I took most of these to church today to be blessed and given to people who need a reminder that they are not alone in their illness or bereavement.

Then there is this little thing that was supposed to be a shawl, but I didn't enjoy knitting the pattern, so I bound off and called it a scarf. When I asked Lexi how she would wear it, she immediately put it on her head and tied it at the nape of her neck under her hair. Yes, that hair is green!

There have been scarves . . .

And hats
Well only one. Actually there is another one, but it needs its own story.

Also baby blankets
Really, there were six, four of them christening/baptismal blankets to be given to babies baptised at my church. I guess I haven't taken pictures of everything, This one with the hearts will go to the Hope (pregnancy resource) Center in Mayfield, as will the baby sweaters.

The hats and scarves will go to other charitable organizations in the fall. I'll probably add to their number before then. Small items are good for summer knitting.

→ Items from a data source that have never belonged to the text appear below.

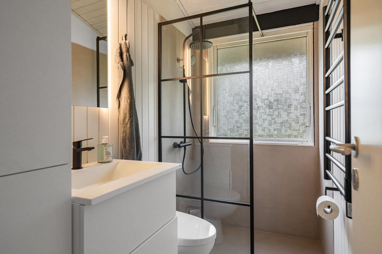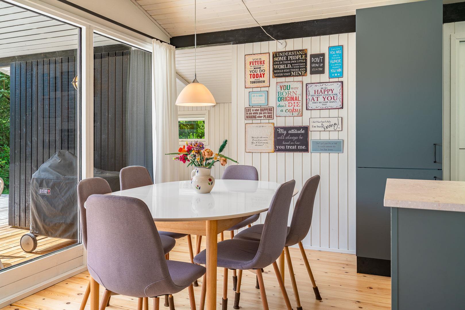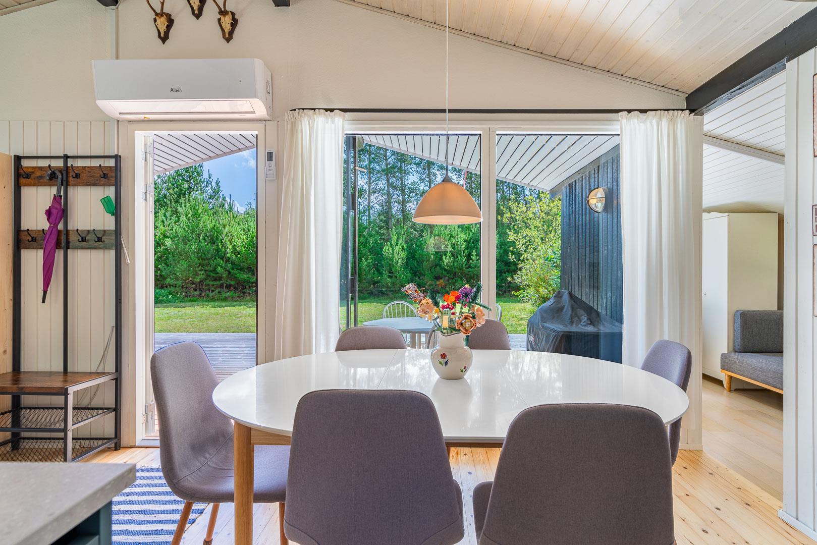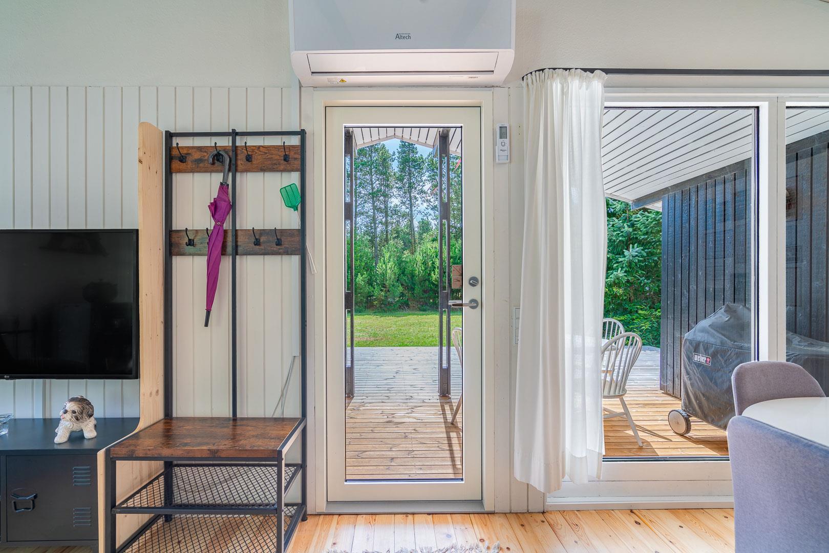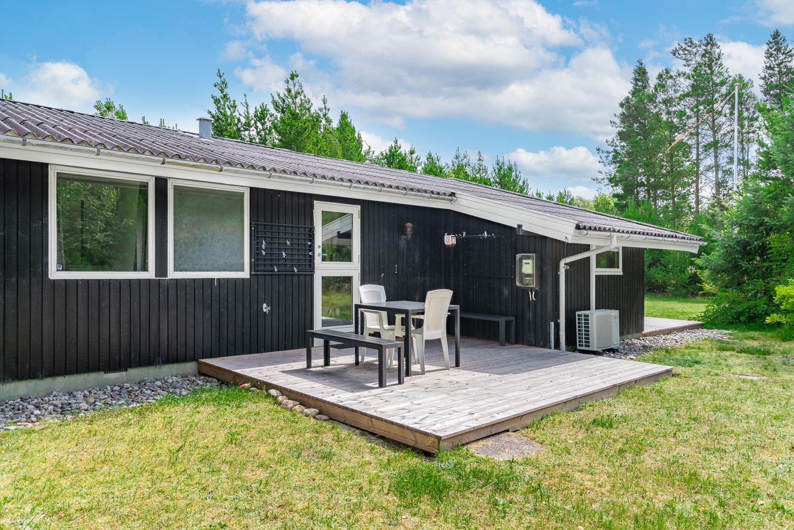 Sommerhuset byder på flere terrasser og hyggelige kroge, der inviterer til afslapning i solen eller under den overdækkede terrasse. På grunden finder du også et bålfad, der skaber den perfekte ramme for aftener med snobrød, ristede skumfiduser og nærvær omkring flammerne.
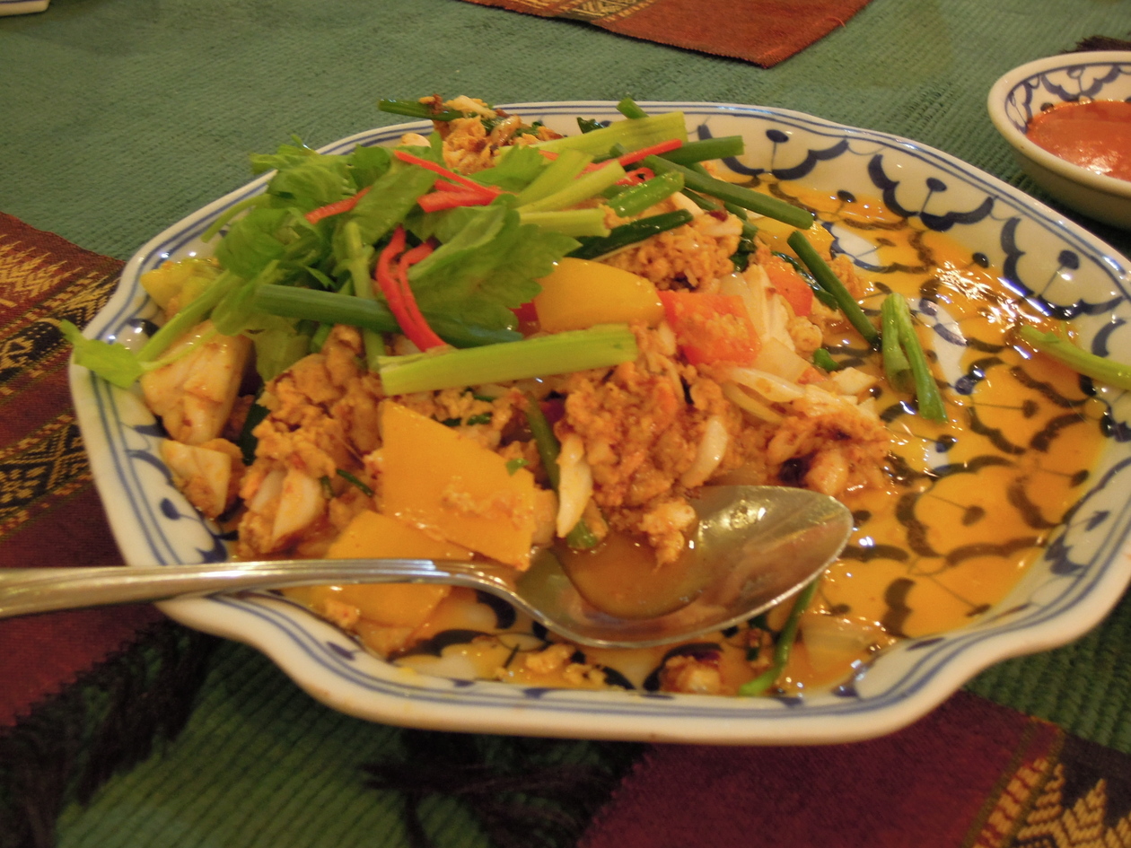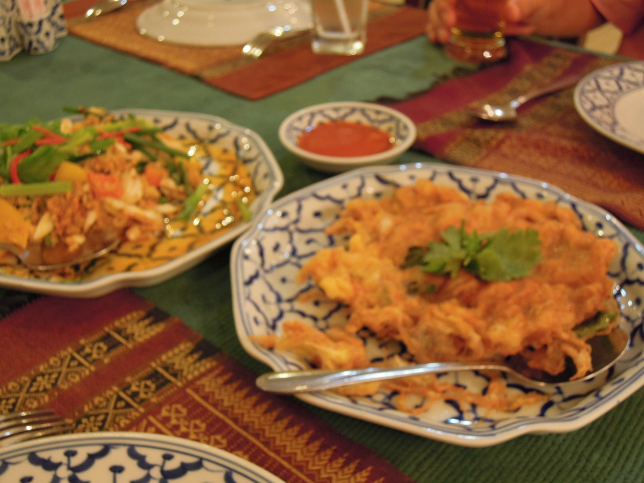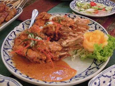 お料理はどれもおいしかったです。地方のパンチの効いた辛いだけの味付けではなく、上品だけどきちっと辛く複雑な味わい。サテは炭火の香りがよく、プーパッポンカレーはむき身の蟹が沢山入って脂っこくないものです。一番のおすすめはレッドカレーソースがかかったエビのグリル。5品+アイスクリームX3+ドリンクを頼んで2700Bでしたが、そのうちエビのグリルが1700Bぐらいでしたので、その他のメニューはそれほど高い店ではありません。
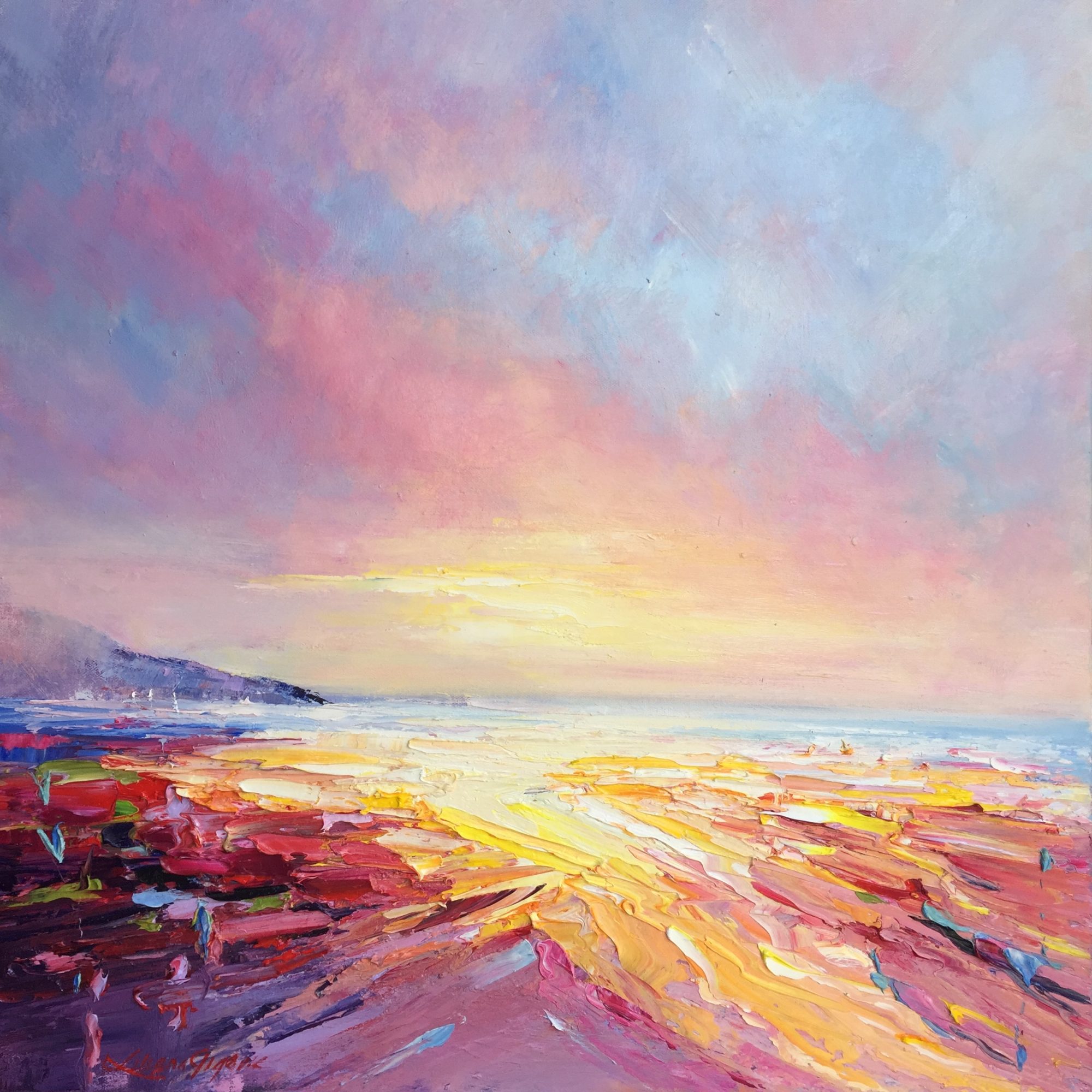 This painting is No 14 in the series of “A brand new day”. I was inspired to do this painting when i was taking photos of the sunrise at the beach in QLD.
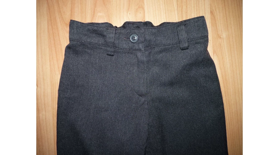 Sötétszürke szövet alkalmi nadrág, állítható gumírozott derékkal, gombos-cipzáros sliccel, oldalzsebekkel, derekán övbújtatókkal, bal oldalt "Next" hímzéssel. Jó minőségű és állapotú. Beleírt méret 5 év (110cm) |
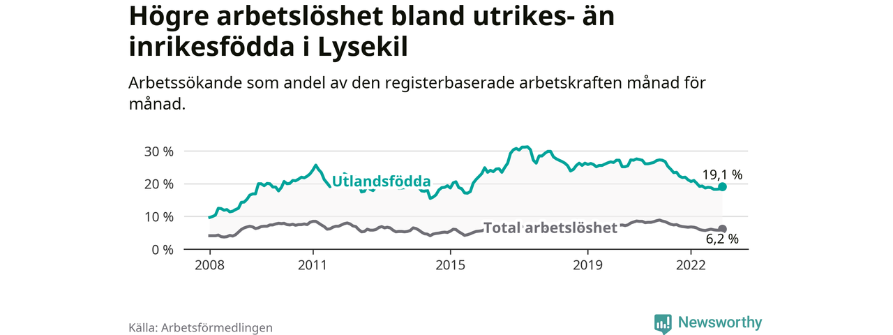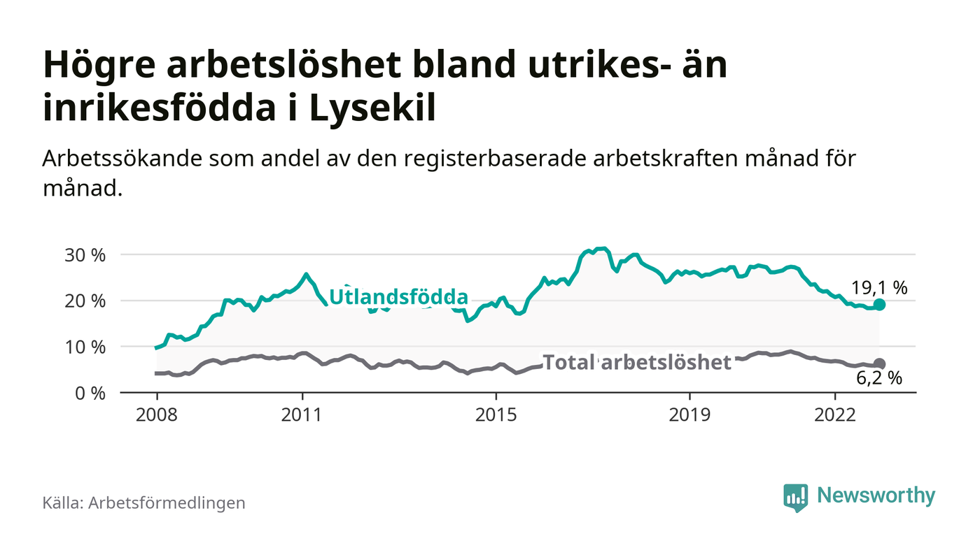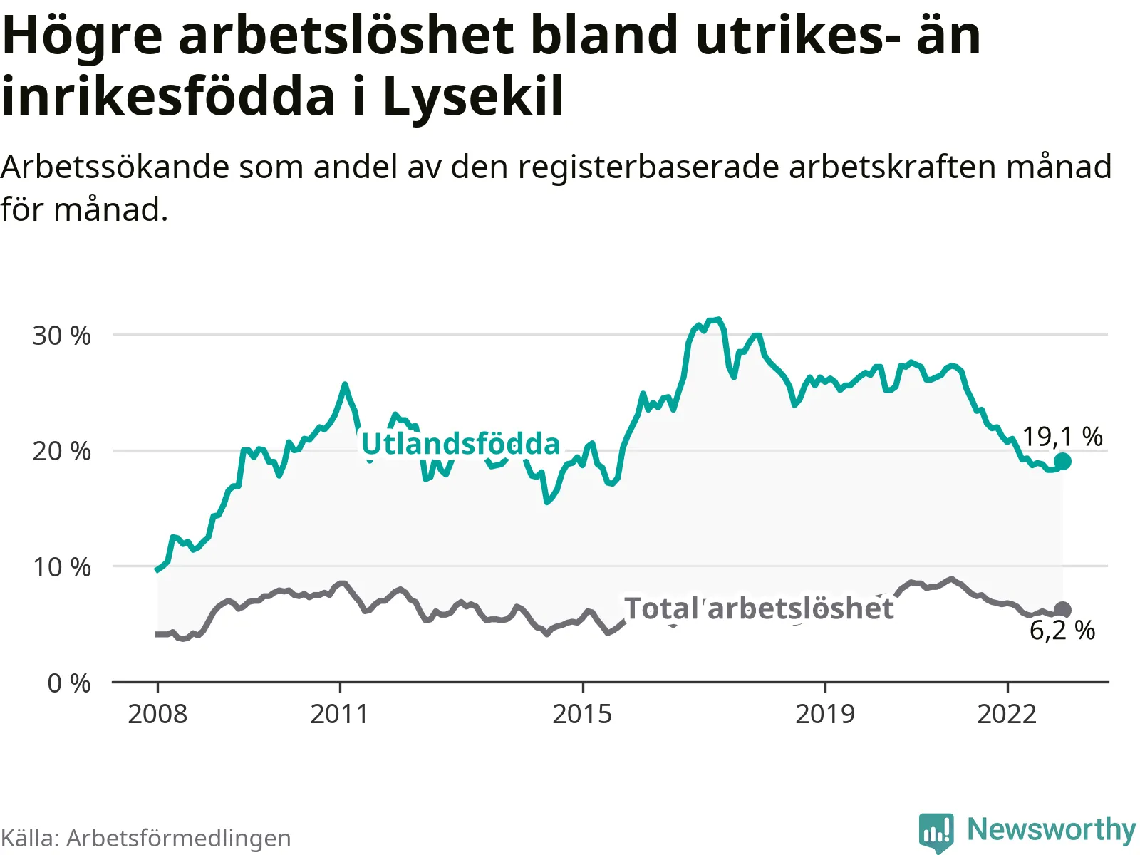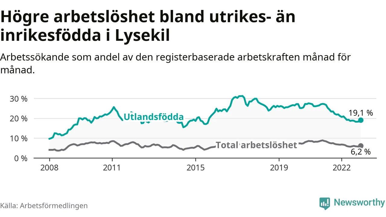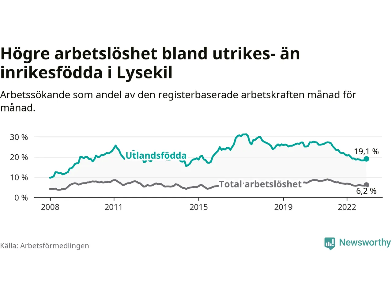 Skillnaden i arbetslöshet mellan utrikesfödda och hela befolkningen är 12,9 procentenheter i Lysekil. Det är en betydligt mindre skillnad än för ett år sedan (−1,6 procentenheter).
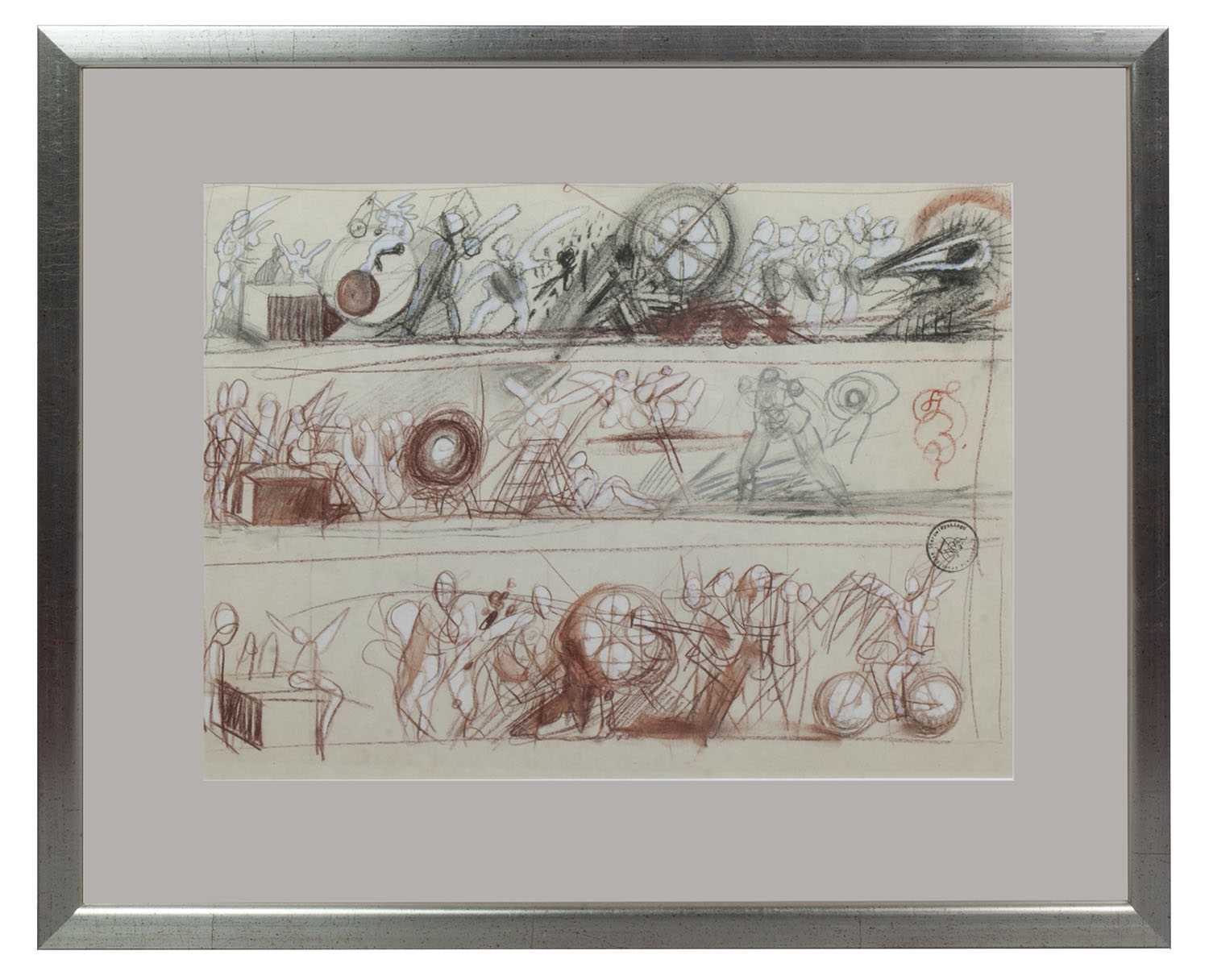Mixed media on paper, signed by monogram right center, stamp “z rysunków Franciszka Starowieyskiego”.
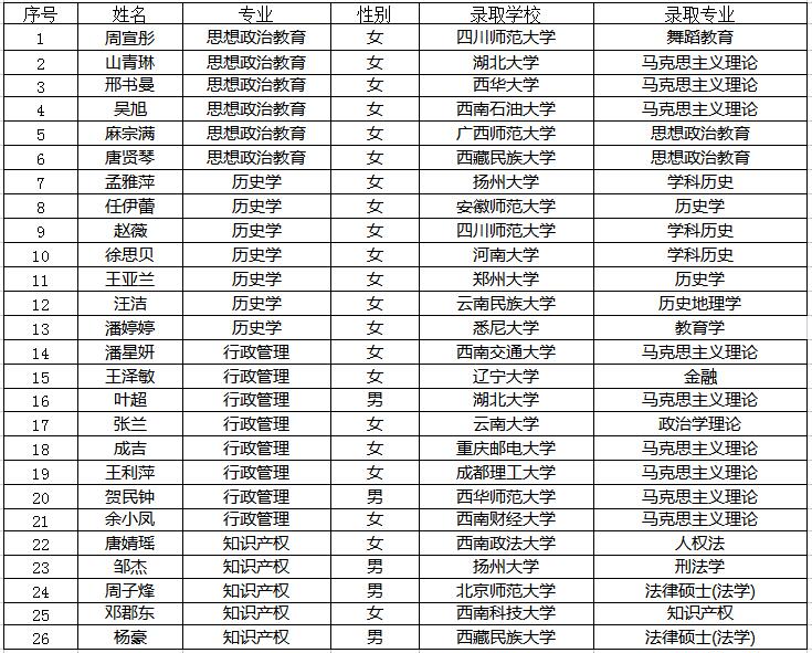 考研传捷报,桃李竞芬芳。我院2022届毕业生考研再创佳绩,26名同学考取北京师范大学、西南交通大学、西南财经大学、澳大利亚悉尼大学等国内外知名高校硕士研究生,考研录取率名列各二级学院前茅。

Now for the other hat. At the end of April, I demonstrated spinning at Sedalia Elementary School, as part of a 'Heritage Day' - 16 groups in four hours. By the last couple of groups, I couldn't remember if I had shown then how to use hand carders to prepare the wool, or how to spin on a drop spindle. I told some of the groups that I would knit a hat with the yarn, and would give it to the music teacher to show them. (I figure she sees all of the classes.) The next day, I plied the brown/red/white singles I spun at the school with a solid brown singles I had spun previously, and then knit the hat.
After the Heritage Day activities were over, the Drama Club put on two short plays, which I HAD to stay for - my 10 1/2-year-old great-granddughter Rose was Snow White in one of them. The kids did a good job. Drama students from Murray State University go to the school to work with the kids. I think that's a great experience for both age groups.